Transfer of your personal data
You should also know that your personal data may be transferred from your home country to other obey clothing Europe companies around the world or to our service providers. If you are an EU resident, this can mean that we also transfer data to countries that do not offer an adequate level of protection for your personal data. When we transfer this data, we will do so only when we have put in place appropriate safeguards to protect your personal data. Please contact us to get a copy of the safeguards that we have put in place. Our contact details are at very end of this page.
Sharing your personal data
We do not publish or sell your customer data.
We may disclose your personal data if we are required by law to do so or if you violate our terms of service.
If our business is acquired or merged with another company, your information may be transferred to the new owners so that we may continue to sell products to you.
SECTION 5 - COOKIES
Please visit our cookies page for more information about all the cookies we store and use.
Shopify uses analytics and functional cookies. You can access their cookie information here. Only Shopify can store and read information based on these cookies.
_session_id. A unique number that is only stored for the duration of your shopping session. This allows Shopify to store analytics information about your session (referrer, landing page, etc).
_shopify_visit. No data is stored with this analytics cookie. It is used by our website provider’s internal stats tracker to record the number of visits, and is deleted 30 minutes after your last visit.
_shopify_uniq. No data is stored with this analytics cookie. It counts the number of visits to a store by a single customer and expires midnight (relative to the visitor) of the next day.
Cart. This is a functional cookie with a unique token. It stores information about the contents of your cart for 2 weeks.
_secure_session_id. This is a functional cookie with a unique token. It is used to secure your shopping session, and is stored for the duration of your shopping session.

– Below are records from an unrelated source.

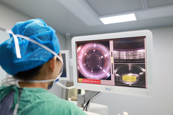 面对朱老师复杂的情况,冯珂主任决定为朱老师实施“飞秒激光辅助白内障晶体置换”(俗称“飞白”技术)的手术方案。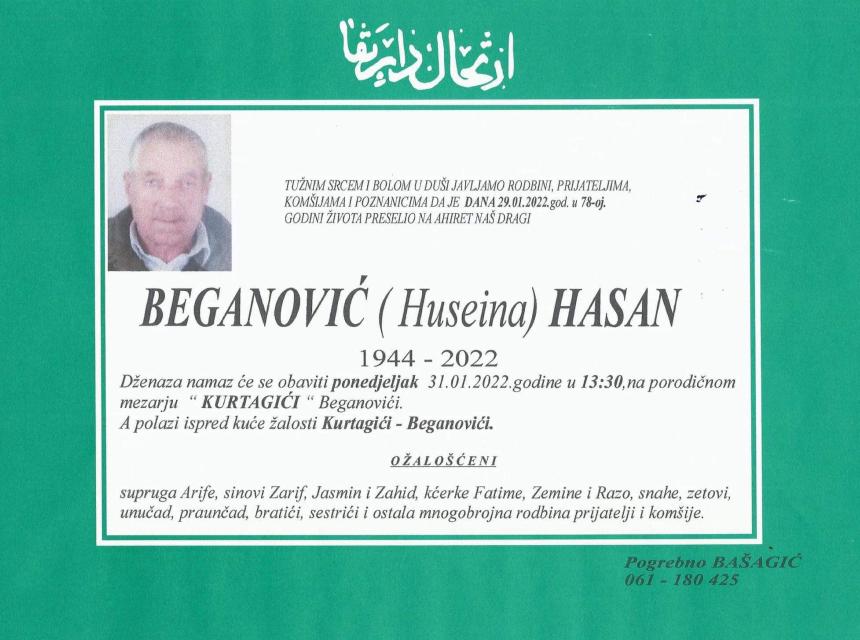 Tužnog srca i s bolom u duši obavještavamo rodbinu, komšije i prijatelje da je naš dragi Beganović (Huseina) Hasan, dana 29.01.2022. godine, u 78-oj godini života, preselio na Ahiret.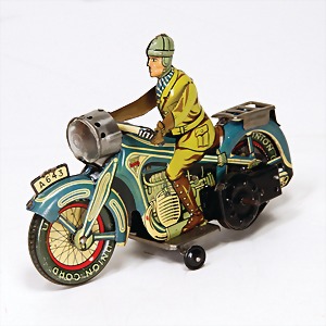 Scheinwerfer-Motorrad, Blech lithogr., funktionstüchtig, 19 cm, minim. Lackschäden, sonst guter Zust.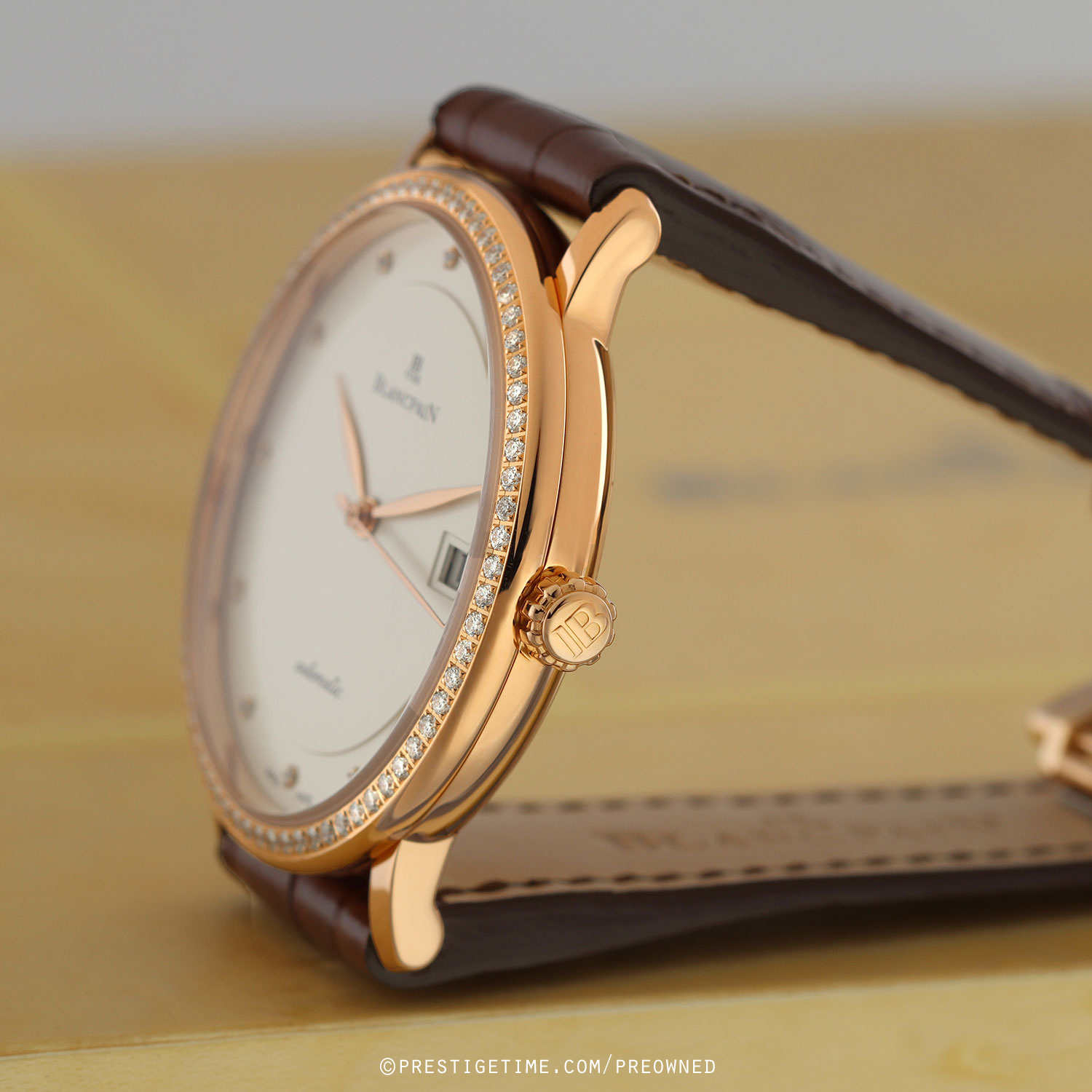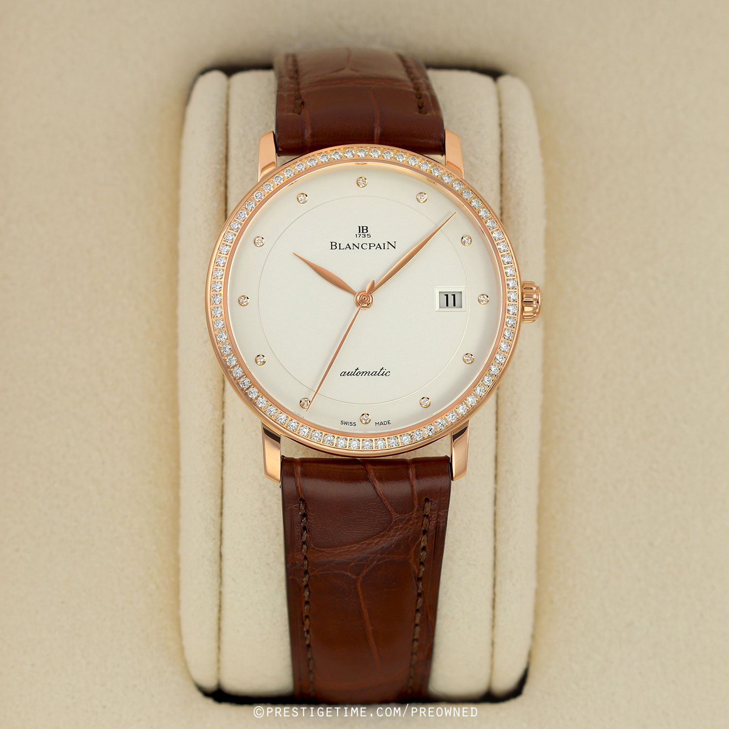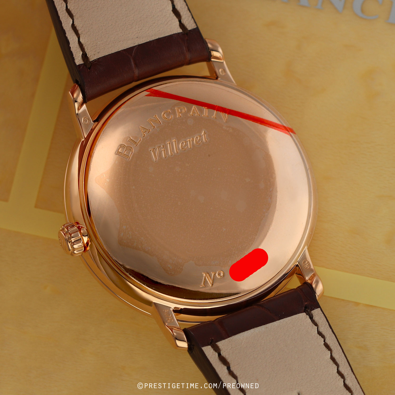 - Fitted on a Blancpain original brown alligator leather strap with a solid 18kt rose gold deployant buckle. The strap is in unworn condition with its full wear lifespan remaining.

Storefront_digest. This is a functional cookie with a unique token. It is used to check if the current visitor has access if the shop has a password and it is store for indefinite duration.
SECTION 6 - YOUR RIGHTS
You have the right to request access to your personal data that we process. You also have the right to:
- rectify incorrect personal data or erase it in certain circumstances.
- restrict or object to the processing of your personal data.
- receive your data so that you can use it elsewhere (data portability).
You also have the right to withdraw your consent at any time but we would like to point out that this does not affect the lawfulness of the processing before the date that you withdrew your consent. You can withdraw your consent by unsubscribing from our newsletter.
Finally, you have the right to lodge a complaint with a supervisory authority. If you do not know who your supervisory authority is, please contact us and we will tell you.
If you are under 13, We do not knowingly collect data from children under the age of 13. If a parent or guardian becomes aware that his or her child or guard has provided us with information without their consent, he or she should contact us at email@example.com we will delete such information from our files within a reasonable time.
SECTION 7 - DUTCH DATA PROTECTION AUTHORITY - AUTHORITY PERSONAL DATA
We are happy to help you if you have complaints about the processing of your personal data. Under the privacy legislation you also have the right to file a complaint with the dutch data protection authority against the processing of your personal data. You can contact the Dutch data protection authority for this.